I could write down dozens more examples. Directors who fall asleep. Board members who are clearly not prepared. Those who ask questions that are waaaayyy off topic and cannot be reigned in. (Feel free to comment or to send me your versions. I love these stories. I believe in the power of the cautionary tale!)

Too often, it’s the wonderfully human “nice” in us that prevents these circumstances from being dealt with. That coupled with the structure of this group of peers makes us not to deal with anything that feels like confrontation, particularly among equals. This version of “nice” also prevents people from speaking up, and for festering groupthink. Nice can be deadly to a board.

This isn’t about confrontation. This isn’t about being mean. This doesn’t have to sour the tone of the boardroom and make people less friendly. This is about accountability and making sure everyone is doing the job to the standard that is required for a modern board, to the board’s expectations. And in the board setting, that means putting systems and policy in place to create the guardrails.

How To Do This

Written Policy. You’ve heard me say this before, and I’ll keep harping on this: write it down as policy. The board has to ratify policy with a vote. When it’s codified, everyone has a tool for holding each other accountable. It’s not personal; it’s about the policy that we agreed upon.

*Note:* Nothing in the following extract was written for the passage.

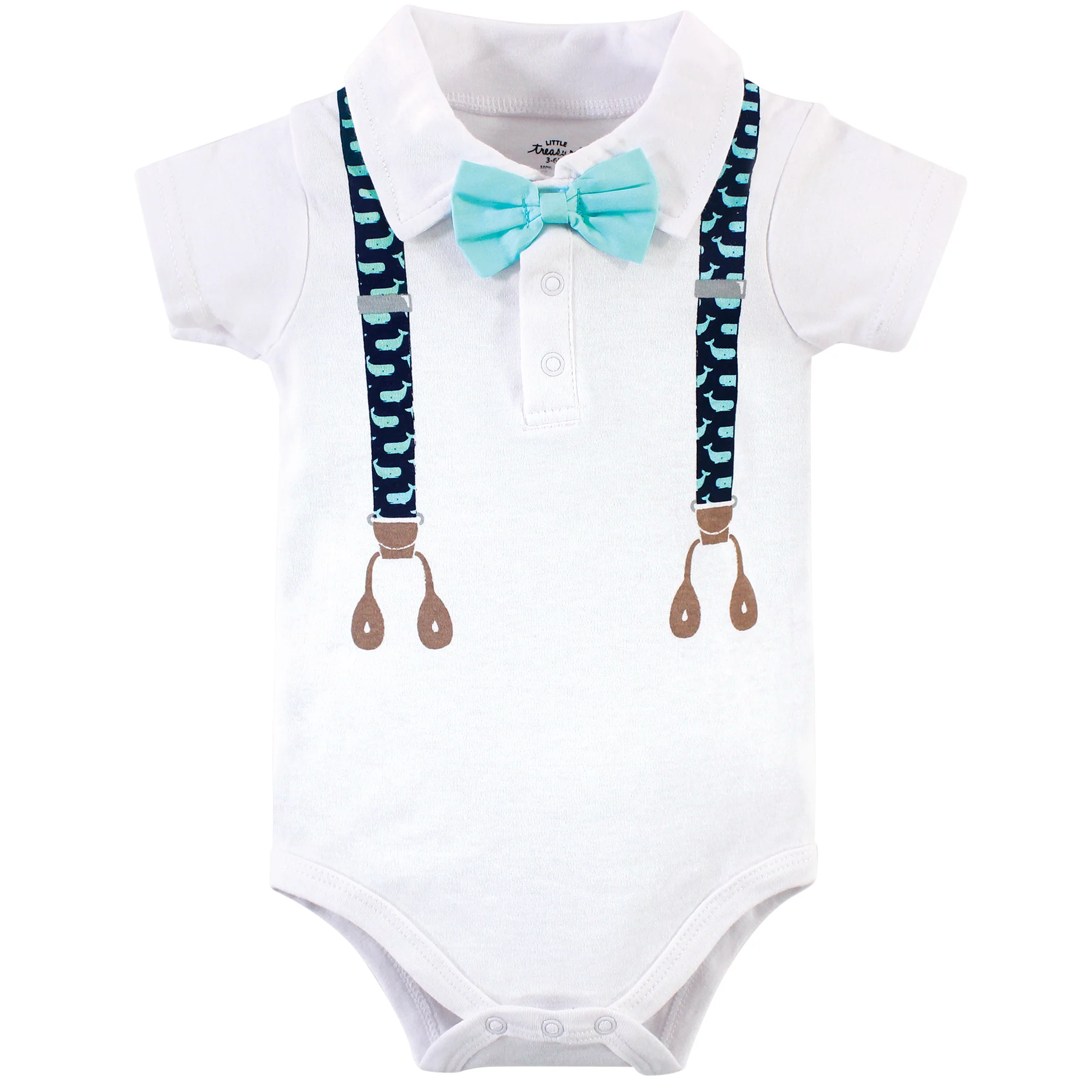 These super cute Little Treasure Whale Suspenders Bodysuits will be a great addition to your little one's wardrobe. This pack of 3 comes in fun colors, with different adorable designs. Made of 100% super soft cotton.

Board Evaluations. Again I will repeat myself. Annual board evaluations can be a tremendous help in this regard. I’ve been beating this drum for years. Still there aren’t enough boards incorporating evaluations. Part of this is that it can feel like confrontation and a lack of “nice.” I also have a word of caution for those of you who ARE using board evaluations. (First of all, kudos to you for doing it. Really!) Make sure you’re doing something substantive with the results. Evaluations are not just for patting yourselves on the back for a job well done. This is for finding ways to improve and identifying those areas. Ergo, you must follow up the evaluations with an action plan for improvements.

(True story: I once went through a stack of almost ten years of evaluations from a single board. Without fail, one board member is highlighted year after year for his lack of preparation, his constant comments about operations, sleeping in board meetings, etc. Yet, he’s still on the board.)

Evaluations don’t mean anything if you don’t use them for improvement. But the tendency is to use defer to “hope” in the evaluation report. That is, to “hope” that particular board members will see themselves and their failings in the report and self-correct. That does happen, occasionally, rarely. The better approach is to use the evaluations as the tool, the catalyst for human conversations in the interest of improvement. “What can we do to be better?” Which must be followed with a written action plan.

There’s a lot of talk about culture in organization and in board rooms. Creating culture is an ongoing effort with no finish line. My experience tells me that the culture in board rooms is entrenched and slow to change even with the most strident of efforts. It can be done though. My struggle is with wanting a too vague notion of “culture” and hope to solve problems that arise as part of “nice.” And for people to just “know” (as a result of that robust culture) when it’s time for them to step down, or to change their habits. Again, it can be done. What I’m saying is that tools like written policy, and evaluations with action plans, among other things are part of that culture building process that provide guardrails for accountability. This approach can maintain the “nice” while pushing the board forward.

The expectations for credit union boards is not going to go down. Our responsibilities are too significant and increasing in complexity. This requires evolution and progress from everyone including the board.

And finally, before I sign off, make sure to tell your folks I says “hi.”